Yes. If it was =op, this means the C program probably used =+ instead of +=. That was the
dialect of C that was around when Al was at Bell Labs. The transition from =+ to += was a
pain, but decreased errors dramatically (a=-1 vs a= -1).
We actually had a pretty good system for making changes like that. First, we would change
the compiler to accept both the old and the new. Then we would produce a warning
that on a particular date the old would no longer work. Then we made the old an error
and printed a message about how to fix it. Eventually, we just let it be a syntax error.
This process was applied many times on the way from typeless B to strongly typed C.

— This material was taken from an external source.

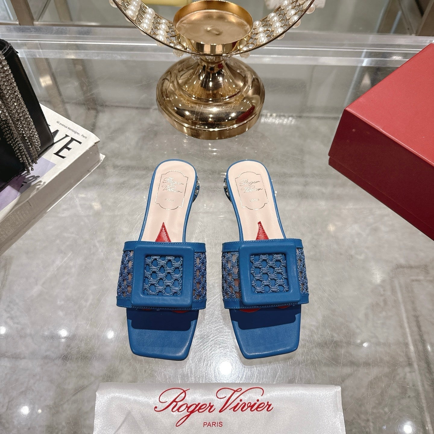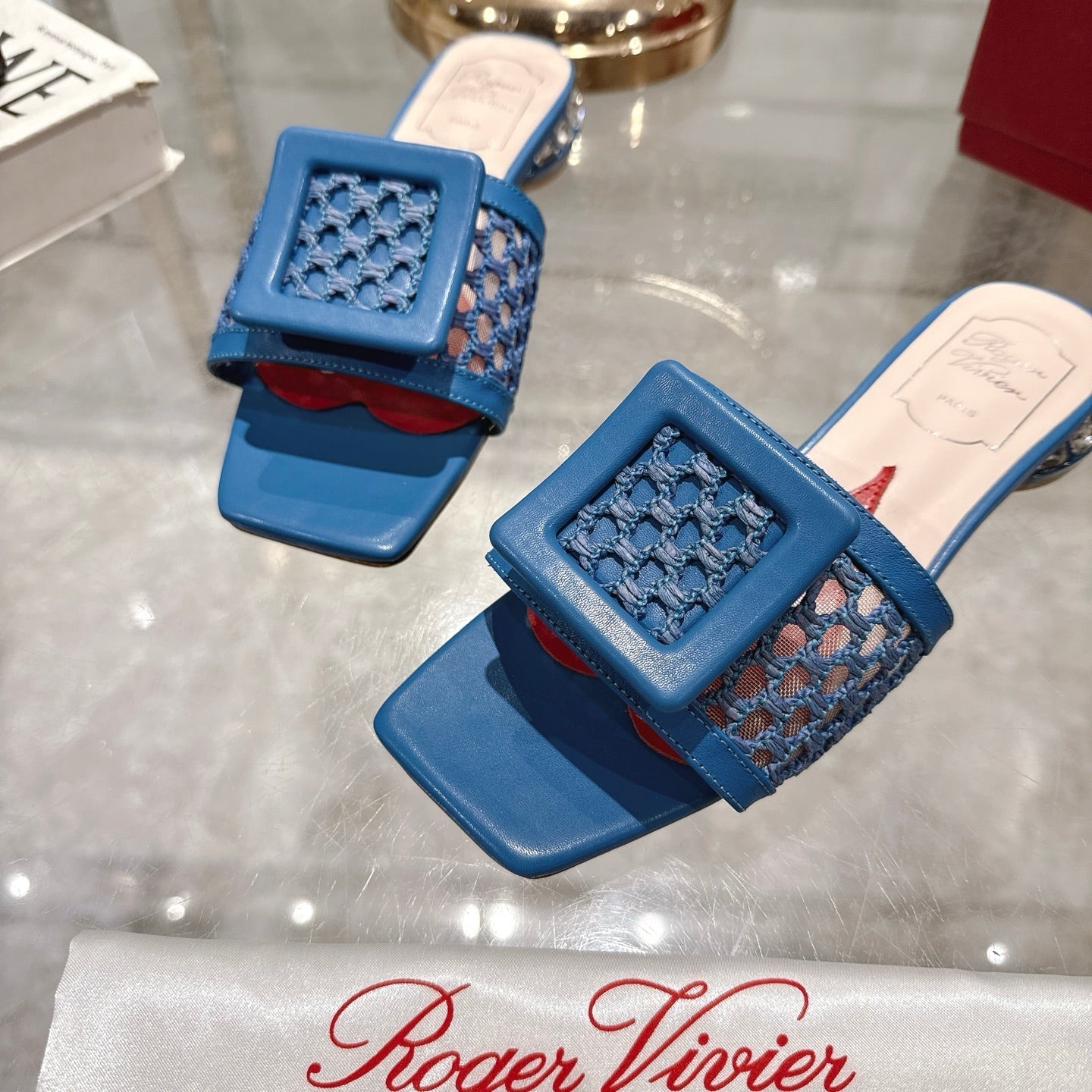 Viv 25 Hollow Square Buckle Slippers Blue Weaving Leather 263000

----- Original Message -----
From:
"Lars Brinkhoff" <lars@nocrew.org>
To:
"Steve Johnson" <scj@yaccman.com>
Cc:
<tuhs@tuhs.org>
Sent:
Mon, 29 Oct 2018 07:31:24 +0000
Subject:
Re: [TUHS] Archaic yacc C grammar
Steve Johnson wrote:
> Looking at the reserved words, there is one, ENTRY, that I've never
> heard of (although FORTRAN had an ENTRY statement), and there is
> STRUCT but no UNION. Also, he uses val= instead of $$=. There don't
> seem to be any nontrivial assignment ops (neither += or =+).
This is for Snyder's C compiler. There is something called =op which
is guess is for =+ etc.
> I'm guessing either Al wrote it from scratch or based it on some other
> similar program.
Looks like you're right. I found this in another file, so it would seem
he wrote it back at MIT:
"The original YACC was designed and implemented on a PDP-11/45 and a
Honeywell 6000 by S. C. Johnson at Bell Laboratories. The version
described in this paper was implemented on the PDP-10 by Alan Snyder.